Required action - Transcribe only part of the material below: the lines from the one containing "- Bromont 550mm" through the one containing "El Bart Dry", inclusive, exactly as written.

Given records -
● ● ●

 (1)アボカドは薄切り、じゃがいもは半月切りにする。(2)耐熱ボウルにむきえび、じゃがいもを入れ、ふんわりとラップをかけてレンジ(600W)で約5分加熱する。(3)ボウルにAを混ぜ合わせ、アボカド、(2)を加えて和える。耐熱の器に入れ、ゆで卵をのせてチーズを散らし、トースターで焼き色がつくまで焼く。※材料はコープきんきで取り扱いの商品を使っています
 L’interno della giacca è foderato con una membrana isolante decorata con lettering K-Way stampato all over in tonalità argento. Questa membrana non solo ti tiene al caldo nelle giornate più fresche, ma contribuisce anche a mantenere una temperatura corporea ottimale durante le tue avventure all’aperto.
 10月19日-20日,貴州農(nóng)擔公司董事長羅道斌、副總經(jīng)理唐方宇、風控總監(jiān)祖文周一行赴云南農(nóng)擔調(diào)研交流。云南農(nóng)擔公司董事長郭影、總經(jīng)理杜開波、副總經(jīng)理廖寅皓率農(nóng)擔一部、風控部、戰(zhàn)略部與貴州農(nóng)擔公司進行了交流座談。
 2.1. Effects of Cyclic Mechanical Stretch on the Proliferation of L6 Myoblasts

● ● ●

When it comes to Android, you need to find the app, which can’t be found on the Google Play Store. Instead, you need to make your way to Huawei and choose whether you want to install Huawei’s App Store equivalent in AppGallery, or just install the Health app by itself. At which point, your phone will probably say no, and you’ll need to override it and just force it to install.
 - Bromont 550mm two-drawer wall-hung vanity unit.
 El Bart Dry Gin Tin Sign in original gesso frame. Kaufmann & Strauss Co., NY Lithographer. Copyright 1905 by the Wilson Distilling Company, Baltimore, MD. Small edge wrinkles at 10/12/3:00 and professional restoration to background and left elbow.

● ● ●

Problem solution -
 - Bromont 550mm two-drawer wall-hung vanity unit.
 El Bart Dry Gin Tin Sign in original gesso frame. Kaufmann & Strauss Co., NY Lithographer. Copyright 1905 by the Wilson Distilling Company, Baltimore, MD. Small edge wrinkles at 10/12/3:00 and professional restoration to background and left elbow.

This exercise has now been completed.